An outline of the important processing steps performed by the script follows.
Let us say you want to call bases from the chromat files in subdirectory "chromat_dir", use phrap to assemble the contigs, and run consed to edit/examine the contigs. In this case you must ask phred to create "phd" output files, which are required by consed.
It runs phred with the options
% phred -id chromat_dir -pd phd_dir
which causes phred to read the chromat files in "chromat_dir" and write the "phd" files to "phd_dir". Next it makes FASTA files from the "phd" files by running the phd2fasta program. For example,
% phd2fasta -id phd_dir -os seqs_fasta -oq seqs_fasta.screen.qual
Subsequently it screens out the vector in the sequences in "seqs_fasta" using cross_match:
% cross_match seqs_fasta vector.seq -minmatch 12 -minscore 20 -screen > screen.out
which generates the screened sequence file "seqs_fasta.screen",
It runs phrap to perform the sequence assembly as follows:
% phrap seqs_fasta.screen -new_ace > phrap.out
Phrap writes the the assembled contigs to the file "seqs_fasta.screen.contigs", and creates a .ace file that can be used for importing the assembly to xbap, consed, or ace-mbly for editing.
As another example, again you want to process the chromat files in subdirectory "chromat_dir", but now you want phred to write the base calls to a FASTA file named "seqs_fasta" and the base quality values to "seqs_fasta.qual". In this case you run phred with the options
% phred -id chromat_dir -sa seqs_fasta -qa seqs_fasta.qual
We recommend that you not use the trim option. Inaccurate bases called near the ends of the traces will not interfere with proper phrap assembly.

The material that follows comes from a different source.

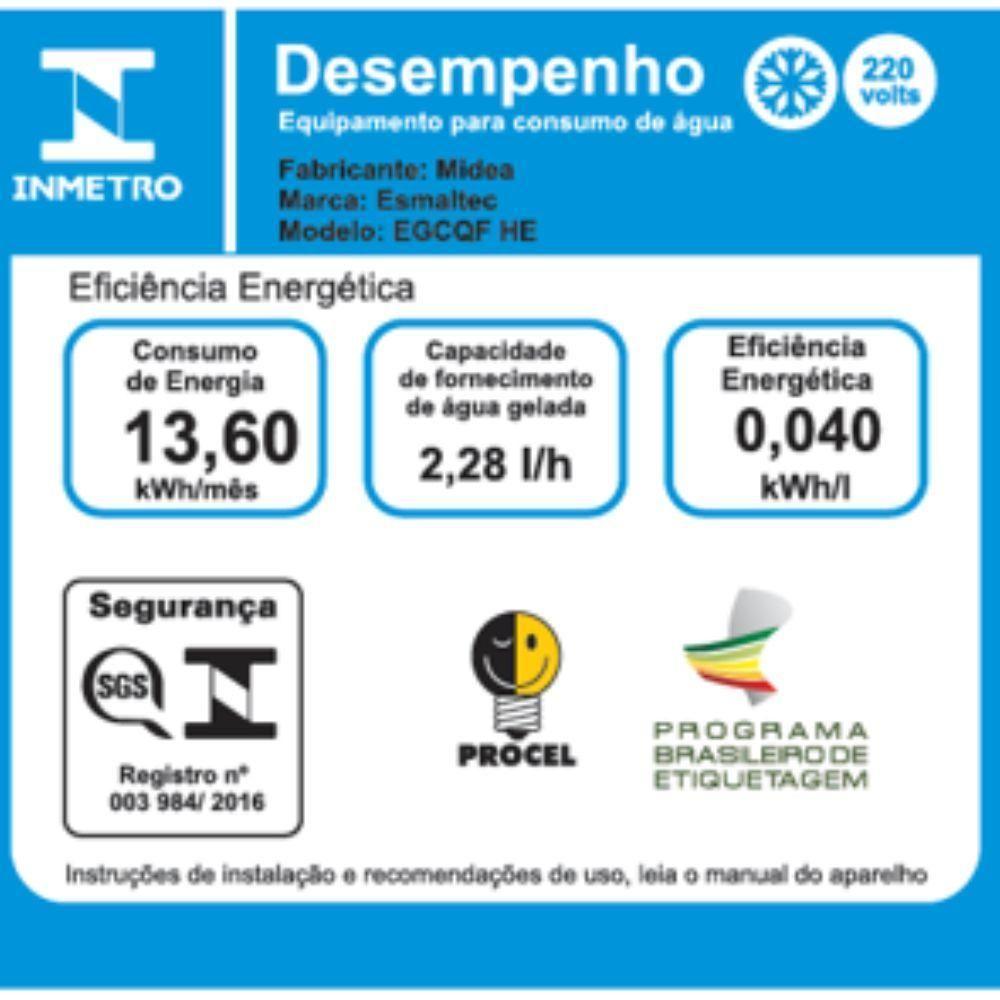 Bebedouro De Coluna Com Garrafão Inferior Esmaltec EGCQF He Inox 220VO bebedouro de Água quente e fria da Esmaltec é um equipamento moderno e eficiente, projetado para oferecer Água de qualidade tanto em temperaturas frias quanto quentes. Com um design elegante em inox, este bebedouro é perfeito para ambientes corporativos, salas de espera, escolas, academias e residências.? Indicador luminoso para reposição de Água Luz vermelha se acende, indicando a necessidade de troca do garrafão. ? Interruptores independentes de liga/desliga para a Água quente e gelada Permitem colocar as funções de aquecimento e refrigeração em standby, sem a necessidade de desligar o produto da tomada. ? Luz noturna Indica a saída de Água em ambientes de baixa luminosidade. ? Trava de para Água quente Água quente com a necessária. ? Reservatório de Água em aço inox vedado Garante a qualidade da Água do garrafão ? Boia de nível da Água Indica a necessidade de limpar o aparador de Água. ? Aparador de Água removível Facilita a limpeza. ? Grade do aparador de Água em aço inox removível ? Compartimento de garrafão interno Garrafão de Água embutido que facilita a reposição, sem a necessidade de levantar peso. ? Três opções de Água Quente, natural e gelada. Temperatura ideal para o preparo de chás e cafés solúveis. ? Refrigeração por compressor Mais eficiente e econômico que os outros sistemas de refrigeração. INFORMAÇÕES TÉCNICAS Potência Elétrica (W) - 480 Gás - R134a Capacidade fornecimento Água gelada (L/h) - 2,28 Atenção: 1. Verifique a voltagem correta para o seu equipamento. Grande parte dos eletrodomésticos no está disponível em duas voltagens: 110V ou 220V. Certifique-se qual a voltagem de sua residência e selecione o produto conforme essa especificação. 2. Devido às normas da ABNT e às resoluções nº 13 de 2006, nº 2 de 2007 e nº 8 de 2009 do CONMETRO, os fabricantes estão mudando as tomadas para o padrão. Para utilizar este produto, será preciso adaptador ou a troca da tomada antiga. Não nos responsabilizamos por esta alteração.

Refer to the file "phrap.doc", which is part of the phrap distribution, for information on cross_match and phrap.
Return values
Phred returns 0 for successful processing and for non-fatal errors. It returns -1 for 'fatal errors'. 'Fatal errors' include memory allocation failure and file write (usually due to no disk space) failure.
Phred parameter file
Phred reads the 'primer ID' string in the chromatogram and tries to find the same name in the phred parameter file, which is mentioned in the 'Building and installing' section above. If it succeeds, the 'phredpar.dat' entry for the 'primer ID' identifies the sequencing reaction chemistry (primer or terminator), the dye type, and the sequencing machine type.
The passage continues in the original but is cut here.